* TASK *
Copy nothing but the line with "トップス レディース ブラウス" and the lines that follow it to the end of the entries below, and keep the pictures out.

* THE INPUT *
▬▬▬▬▬▬▬▬▬▬
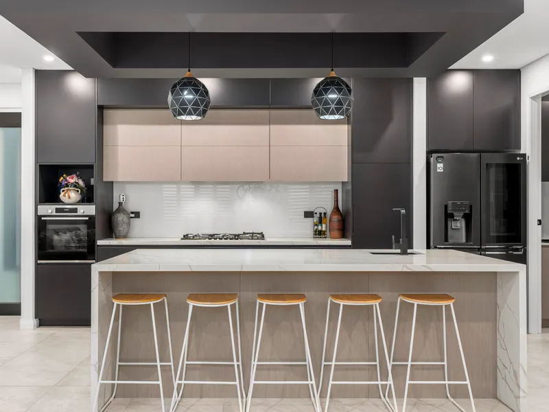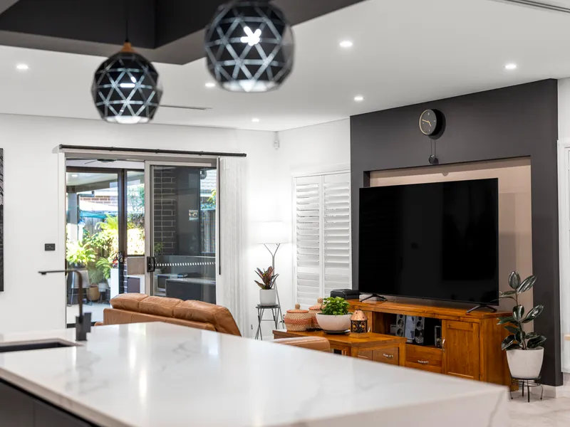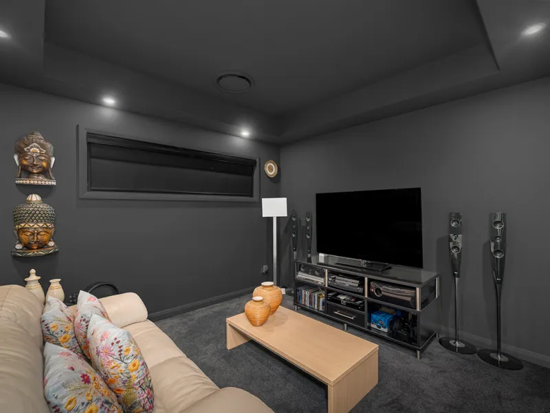 At the heart of the home lies a beautifully appointed kitchen, designed to impress. Featuring a large island bench, Bosch appliances, built-in dishwasher, and an expansive walk-in pantry complete with an additional sink, it's a dream for entertainers and home chefs alike. The main living area is enhanced by a striking feature wall, offering warmth and sophistication, while the dedicated media room provides a sleek retreat for movie nights or quiet relaxation.
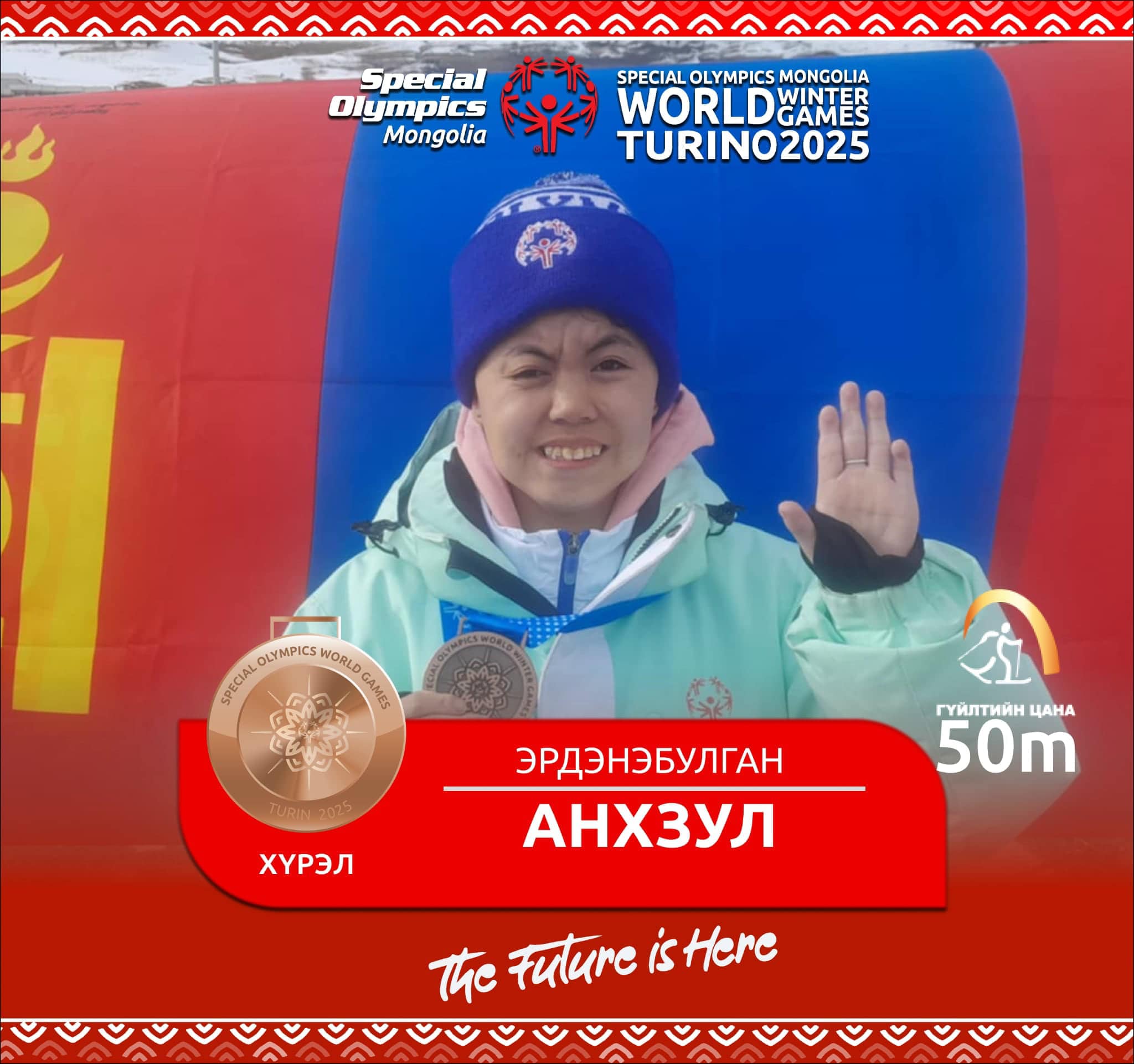 Итали Улсын Турин хотод тусгай олимпын дэлхийн өвлийн наадам гуравдугаар сарын 8-16-ны өдрүүдэд явагдаж байна. Манай улсаас зургаан спортын төрөлд 24 тамирчин өрсөлдөж байгаа юм. Бүжгийн ганцаарчилсан төрөлд Б.Мөнх-Эрдэнэ, цасны гуталтай гүйлтийн 50 метрийн зайд Б.Бямба-Эрдэнэ нар мөнгөн медаль хүртсэн. Цасны гуталтай гүйлтийн 200 метрийн зайд Ө.Елмирза, гүйлтийн цанын төрөлд Э.Анхзул нар хүрэл медаль хүртлээ. “Турин-2025” Тусгай олимпын дэлхийн өвлийн наадмаас одоогийн байдлаар Монголын баг тамирчид есөн медаль хүртээд байна.
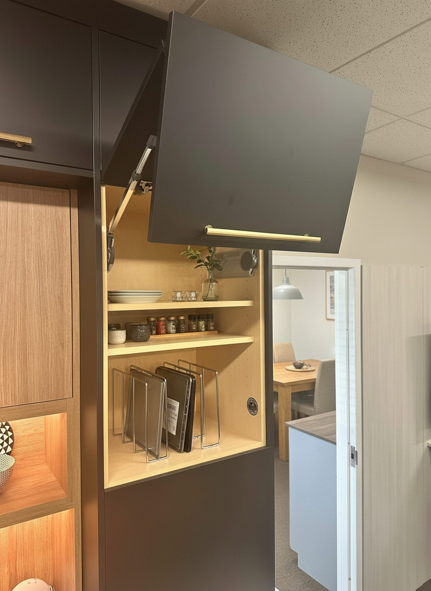 natural kitchen lighting change the background on the right side to a dining room put cookie sheets vertically in the metal dividers stage the shelves add drywall to the ceiling
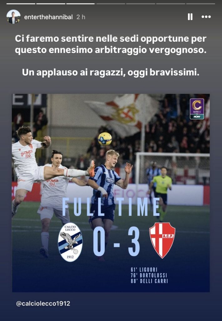 «Difficile non parlare di un arbitraggio imbarazzante. Chiediamo rispetto per quello che facciamo: sputiamo sangue tutti i giorni, vedere una prestazione del genere per un’ora contro una squadra che ha fatto 15 vittorie in 17 partite… L’arbitro ha spostato gli equilibri della partita: abbiamo preso gol su un errore tecnico sulla battuta della punizione, per quanto siamo stati anche ingenui in quella situazione. La squadra ha fatto quello che ho chiesto: grande atteggiamento e mentalità, pressing alto, ma anche oggi gli episodi ci hanno penalizzato. Di cosa stiamo a parlare? 0-3 in casa e il risultato rimane, ma oggi il Lecco non ha sbagliato. Siamo poco fortunati tra infortuni, squalifiche… Ci lecchiamo le ferite».
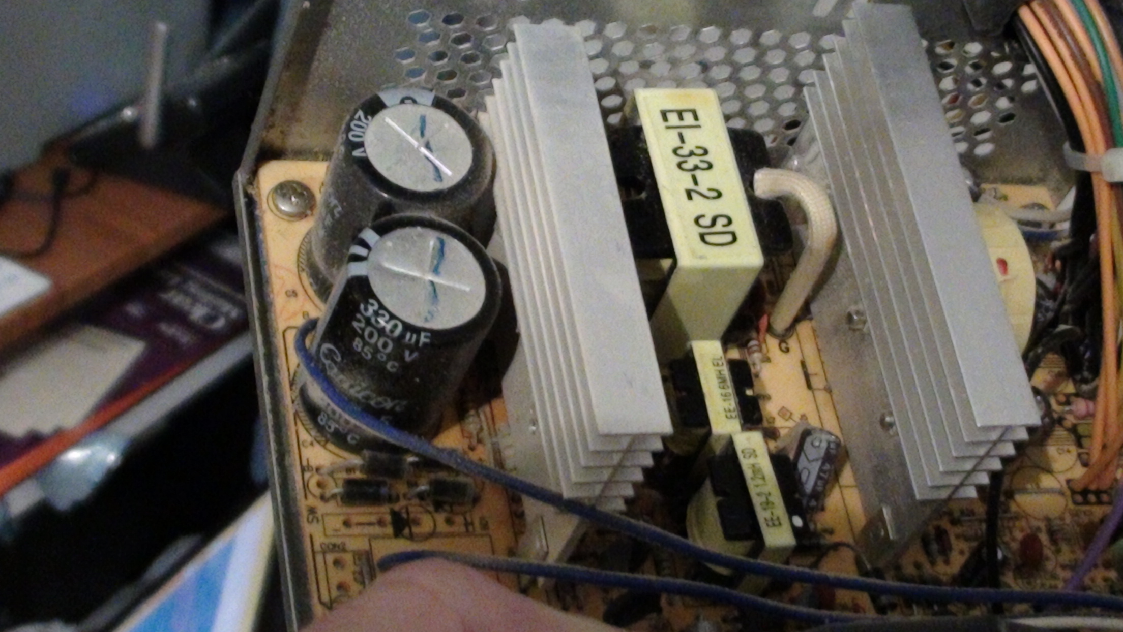 I took the PSU apart. The caps physically look good. It's gonna be a pain to get to the board so I can remove them to test them. At first, I thought it had some Rubicon caps. But at closer examination, they're Micon. It's weird because the font on them is very similar to a Rubicon.
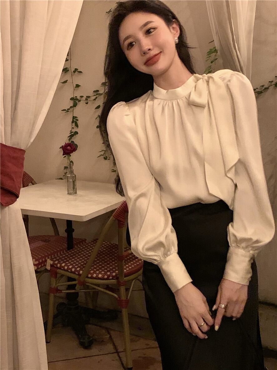 トップス レディース ブラウス シャツ 袖あり 長袖 ボリューム袖 ハイネック 光沢 スカーフカラー ロングカフス リボン ギャザー 無地 白 ホワイト かわいい 大人可愛い 大人 大人女子 きれいめ おしゃれ お洒落 シンプル ラブリー キュート ガーリー フェミニン 10代 20代 30代 通勤 学生 通学 デート お出かけ 女子会 休日 イベント 普段使い カジュアル こなれ感 ラフ ルーズ 抜け感 ゆったり ゆる 上品 エレガント パーティー とろみ感 リゾート 旅行 モテ 着回し 存在感
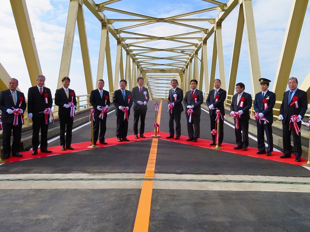 県道 八代不知火線「横江大橋」開通式典(八代市鏡町野崎) ※テープカット・渡り初め
▬▬▬▬▬▬▬▬▬▬
* TASK ANSWER *
 トップス レディース ブラウス シャツ 袖あり 長袖 ボリューム袖 ハイネック 光沢 スカーフカラー ロングカフス リボン ギャザー 無地 白 ホワイト かわいい 大人可愛い 大人 大人女子 きれいめ おしゃれ お洒落 シンプル ラブリー キュート ガーリー フェミニン 10代 20代 30代 通勤 学生 通学 デート お出かけ 女子会 休日 イベント 普段使い カジュアル こなれ感 ラフ ルーズ 抜け感 ゆったり ゆる 上品 エレガント パーティー とろみ感 リゾート 旅行 モテ 着回し 存在感
 県道 八代不知火線「横江大橋」開通式典(八代市鏡町野崎) ※テープカット・渡り初め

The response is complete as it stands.